John arrived in Fujian in 1906 and later, while working there met fellow missionary Eda Stanley Bryan-Brown, she had been born the daughter of a clergyman in Australia, and in 1914 they were married. In 1916, – perhaps out of a sense of duty? – John returned to Europe in the midst of War, this meant separation from his wife and his missionary work. Curtis joined the British Army Chaplains and shared the dangers of the combat troops in trenches and on battlefields. He spent time in Greece and also would have ministered to members of the Royal Dublin Fusiliers during his service. As one journalist who knew him well observed of his character “one cannot picture him holding back from that cataclysm”. Indeed despite his obvious religious devotion most descriptions of John Curtis focus strongly on his energy and fearlessness, whether on the sports ground, or the battlefield or in his missionary work.

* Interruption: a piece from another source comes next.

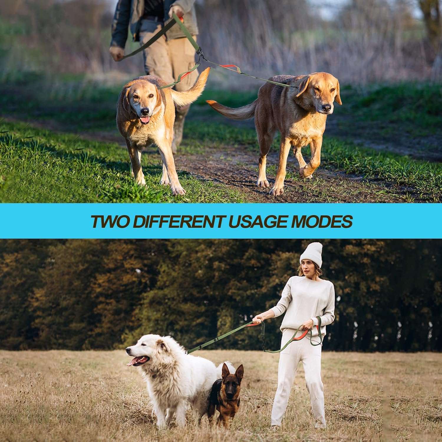• No Tangle Double Dog Leash: 360ยฐ swivel clasps help to keep your dogs from getting tangled together. No need to worry about getting twisted two dog leash when dogs switch sides

Luckily John survived the War and in 1919 received the Victory medal, however he swiftly returned to his work in China. Since arriving in China in 1906 John had witnessed crowning of the child emperor Puyi in 1908 as well as his forced abdication, the end of Imperial rule, and the founding of the Republic of China just a few years later. His post-war return witnessed further upheaval. In 1927 John and his missionaries would no doubt have been aware of the first major engagements of the Chinese Civil War between the Kuomintang (or KMT, the major political party of the Republic) and the Red Army of the Chinese Communist Party. There was a major battle for control of the city Nanchang in the neighbouring province of Jiangxi which ultimately saw the Communist forces flee in defeat, many of their surviving troops marched hundreds of miles to take refuge in Fujian, the province where John and his family were living.
By this stage John and Eda had become parents to a son, John Guy Curtis in 1919, Arthur Bryan Curtis in 1924 and followed by a sister, Joan. It was a restless time to have a new family but there was further change for John as in 1929 he became Bishop of Zhejiang, replacing his fellow Dubliner Herbert Moloney. This meant that John and Eda moved to the beautiful city of Hangzhou, referred to by some at the time as the “Venice of the east” due to its location on the Grand Canal of China and sections of the Yangtze river delta. By this stage Eda had brought the children to England in 1927 to live with one of her brothers though both parents visited every year up until the outbreak of the Second World War. In their young lives the children had witnessed a great deal of violence. Joan recalled as a four year old hearing “soldier and their cannon” from the Missionary school. On another occasion in 1922 Eda and her two young children were obliged to undertake a long journey up river, during the course of which her oldest son John by then only three years old at the time developed laryngeal diphtheria. When it looked like he might succumb to his illness she was forced to perform a tracheotomy, her only instruments being a pen-knife and some hair-pins. It was perhaps not surprising that the calm of rural England would seem a better place for the children to grow up.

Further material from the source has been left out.